◆ REQUIRED WORK
Every line from the one with "The setup starts" through the final line of the data below goes in the answer, copied exactly. Pictures do not.

+++ INPUT MATERIAL

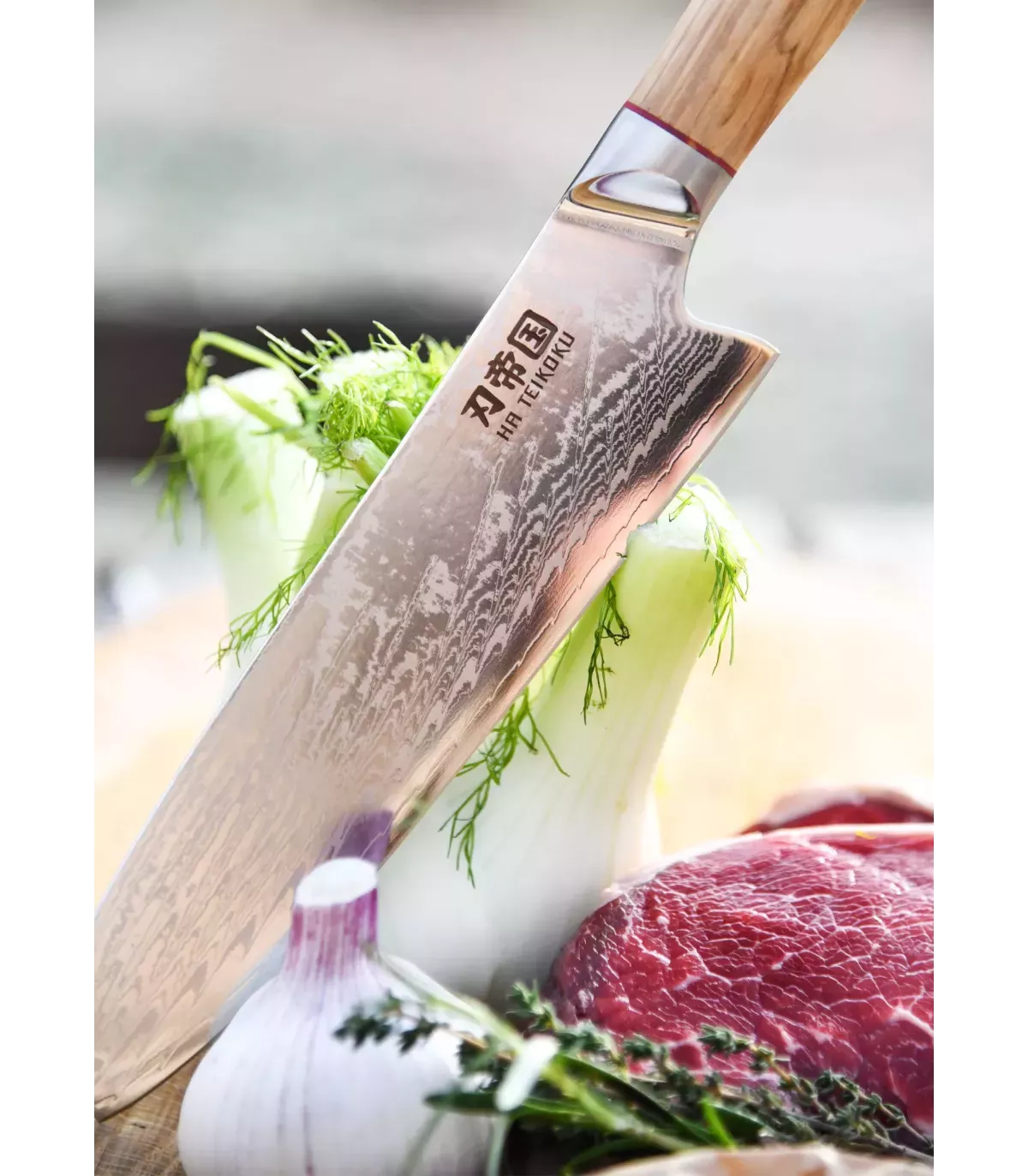 Santoku kitchen knife with a 67-layer Damascus steel blade. The sharp edge of this kitchen knife allows you to perform virtually all cutting tasks quickly and easily. The elegant olive wood handle comfortably fits the hand and provides a secure grip while cutting. This knife is part of our own collection of kitchen knives, Ha Teikoku. Since olive wood is a natural product, variations in color and grain are quite normal, making each knife a unique piece with its own characteristics and patterns.
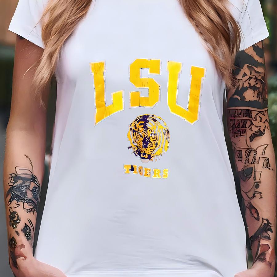 90s Ncaa Louisiana State University ‘tigers’ Crewneck Sweatshirt Print Logo Purple Color Men’s Fit To L T-shirt
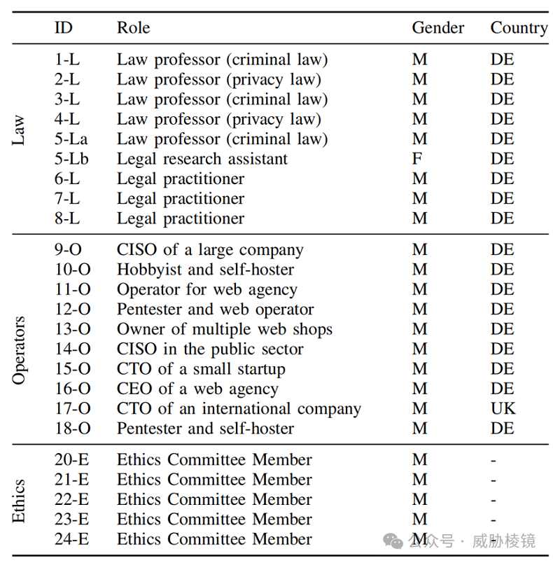 23 次访谈的受访者情况如下所示,其中包括 9 名法律专家、10 名网站运营方、5 名伦理委员会成员。研究人员已经努力进行多元化拓展,Twitter 和 LinkedIn 上的广告分别展现了 4 万次与 2 千次。
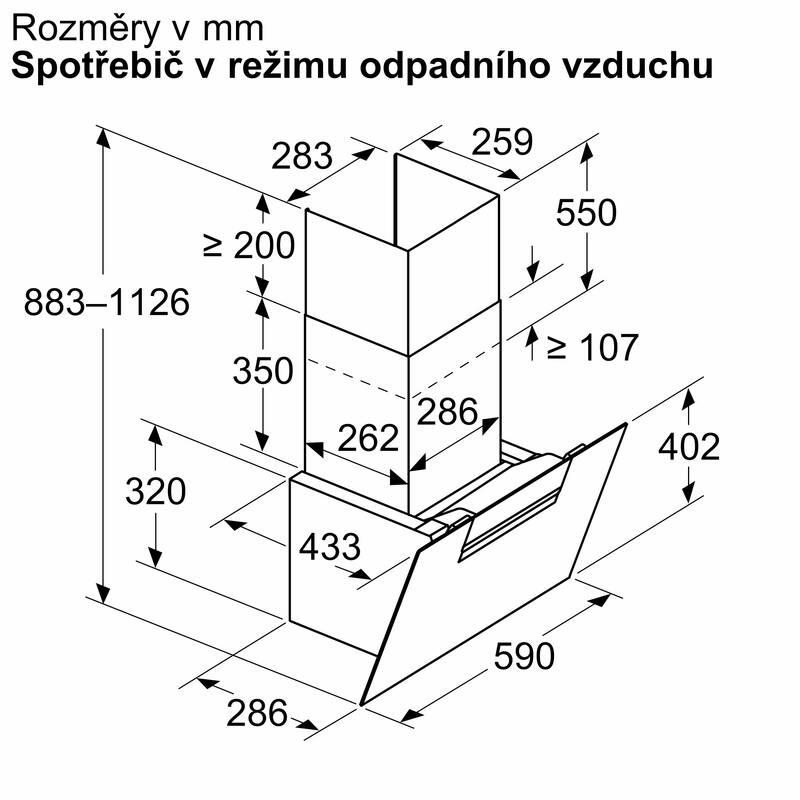 rozměry spotřebiče pro odvětrávání (V x Š x H): 883-1126 x 590 x 433 mm
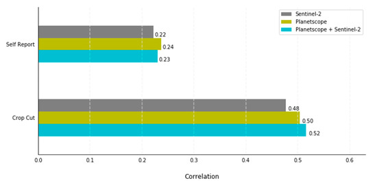 A final consideration for this study was whether the spatial resolution of the satellite data is a major factor determining the performance of satellite-based models. The Planetscope imagery was processed in the same manner as Sentinel-2, with recursive harmonics fit to the GCVI observations, and the peak of the harmonic fit used to predict yield. We also considered whether combining Sentinel-2 and Planetscope observations, which results in a denser time series of VI observations, led to any improvements. Overall, the two sensors performed similarly (Figure 7), suggesting that the benefits of a finer resolution (for Planetscope) or better sensor spectral resolution and signal-to-noise (for Sentinel-2) were not substantial in this particular system.
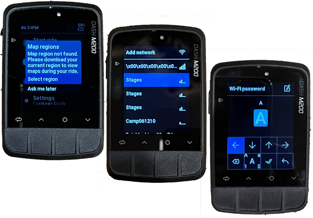 The setup starts with pairing the Dash to the Stages Cycling app by scanning the QR code. After it does its initial connection and syncing, the screen on the Dash pops up a message that Map regions are not found and you need to download them. Ignore this on the Dash. (This is where I messed up the first time and finished setup on the M200.) Just keep going in the mobile app to connect to Wi-Fi, select the maps to download to the device, configure your profile data pages (more on that later), and update your user profile and preferences. After that, connect to your Bluetooth or ANT+ devices on the Dash and you can go out for a ride.
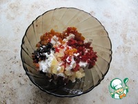 Для начинки смешать творог, вымытые и нарезанные небольшим кусочком сухофрукты, ванильный сахар. Добавление сахара - по вкусу! |
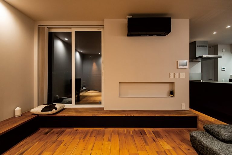 公園ではしゃぐ子どもたちの姿を眺めつつ、季節を感じるデッキはH邸の主役。間接照明に照らされ、夜の闇に浮かぶデッキの佇まいもまた趣深い
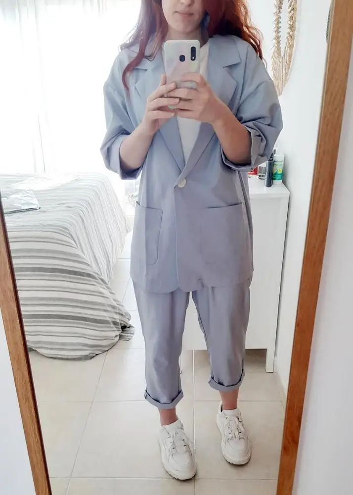 Это довольно красиво, и это так же, как на фотографиях, как в форме и цвете. Конечно, модель выглядит намного лучше, чем я. Я измерил 155 см примерно и был самым маленьким размером, американский размер немного велик для меня (хотя это не драматично, к сожалению), брюки очень правильные, и они также выглядят очень хорошо отдельно. Я увидел некоторые свободные нитки или плохо обработанные швы, но это, безусловно, не кутюр, поэтому я знаю, что это может произойти, и в моем случае это не было ничего тяжелого. Вот почему я так доволен покупкой!
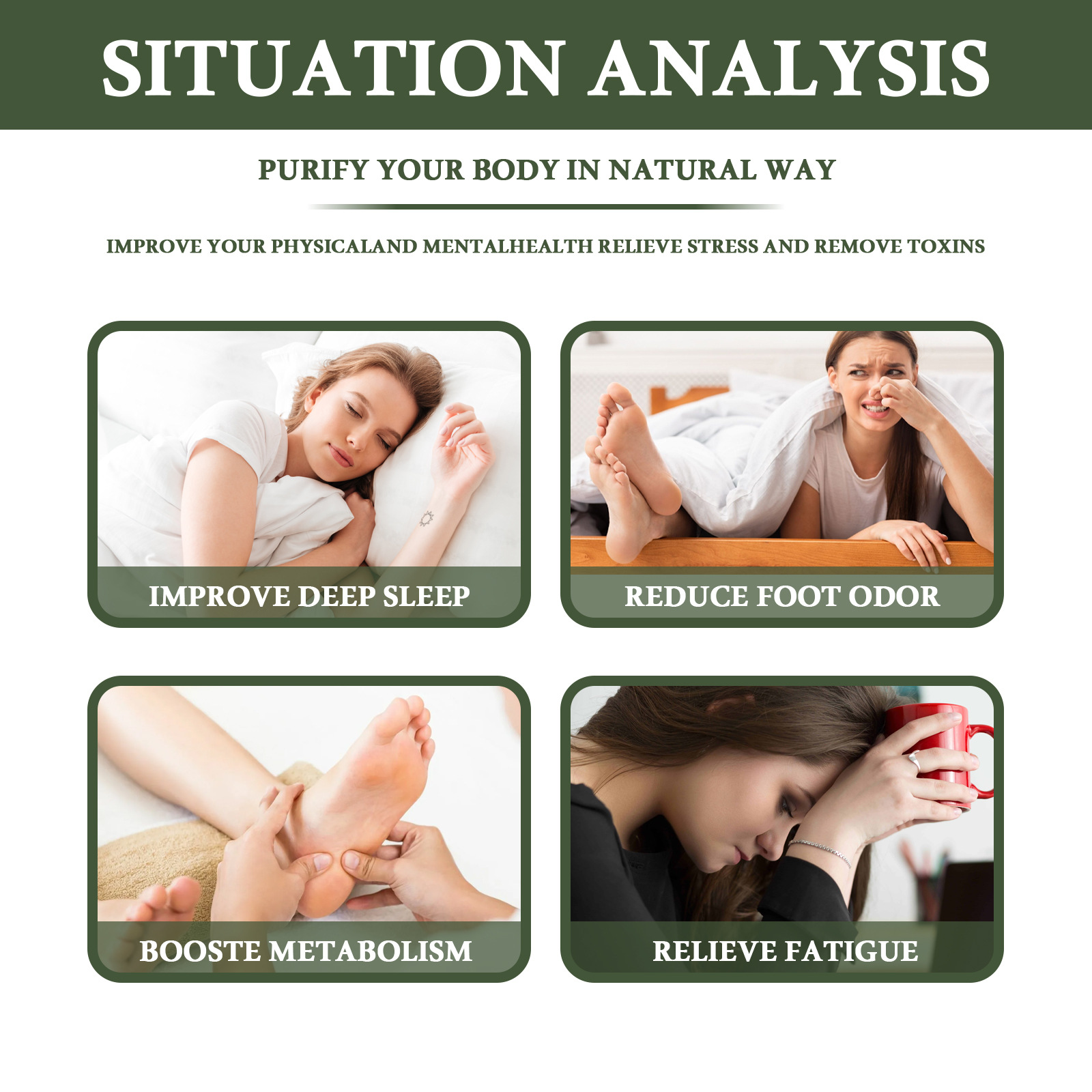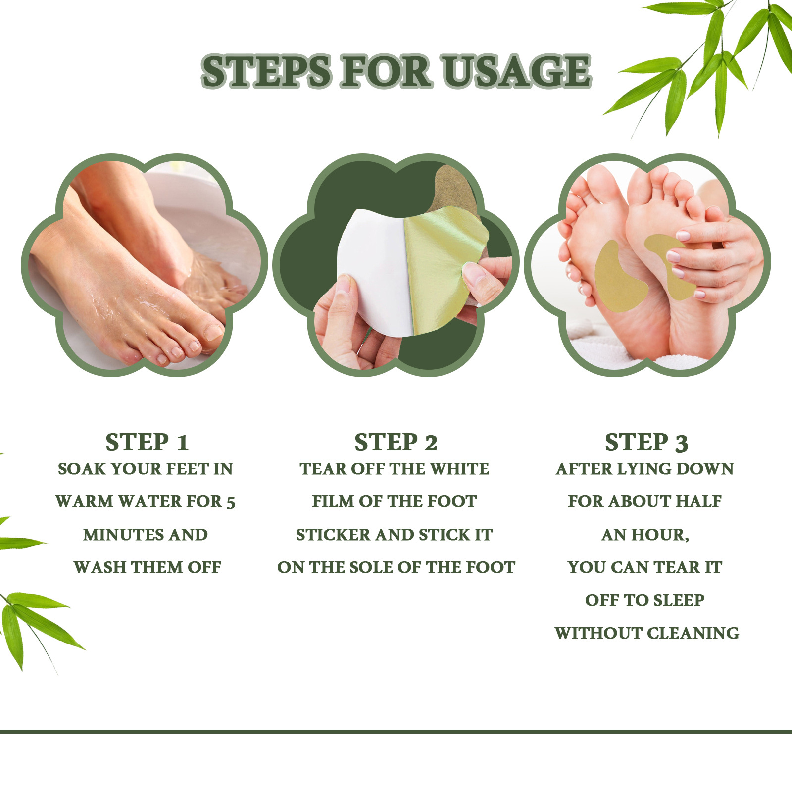 我们的生姜发热足贴含有马钟提取物、竹茎粉。它可以改善睡眠质量,支持身体清除毒素。它的使用方法很简单:将贴片贴于足部中部,柔软的一面应贴于足部皮肤。将第二片贴片贴于另一只脚或您想要清洁的身体其他部位。贴片敷贴6-8小时。建议睡前贴。使用6-8小时后撕下贴片。洗净双足,享受焕然一新的健康。并且可以帮助你确保深度睡眠,让你醒来感觉神清气爽。

++++++

◆ RESPONSE BELOW
 The setup starts with pairing the Dash to the Stages Cycling app by scanning the QR code. After it does its initial connection and syncing, the screen on the Dash pops up a message that Map regions are not found and you need to download them. Ignore this on the Dash. (This is where I messed up the first time and finished setup on the M200.) Just keep going in the mobile app to connect to Wi-Fi, select the maps to download to the device, configure your profile data pages (more on that later), and update your user profile and preferences. After that, connect to your Bluetooth or ANT+ devices on the Dash and you can go out for a ride.
 Для начинки смешать творог, вымытые и нарезанные небольшим кусочком сухофрукты, ванильный сахар. Добавление сахара - по вкусу! |
 公園ではしゃぐ子どもたちの姿を眺めつつ、季節を感じるデッキはH邸の主役。間接照明に照らされ、夜の闇に浮かぶデッキの佇まいもまた趣深い
 Это довольно красиво, и это так же, как на фотографиях, как в форме и цвете. Конечно, модель выглядит намного лучше, чем я. Я измерил 155 см примерно и был самым маленьким размером, американский размер немного велик для меня (хотя это не драматично, к сожалению), брюки очень правильные, и они также выглядят очень хорошо отдельно. Я увидел некоторые свободные нитки или плохо обработанные швы, но это, безусловно, не кутюр, поэтому я знаю, что это может произойти, и в моем случае это не было ничего тяжелого. Вот почему я так доволен покупкой!
 我们的生姜发热足贴含有马钟提取物、竹茎粉。它可以改善睡眠质量,支持身体清除毒素。它的使用方法很简单:将贴片贴于足部中部,柔软的一面应贴于足部皮肤。将第二片贴片贴于另一只脚或您想要清洁的身体其他部位。贴片敷贴6-8小时。建议睡前贴。使用6-8小时后撕下贴片。洗净双足,享受焕然一新的健康。并且可以帮助你确保深度睡眠,让你醒来感觉神清气爽。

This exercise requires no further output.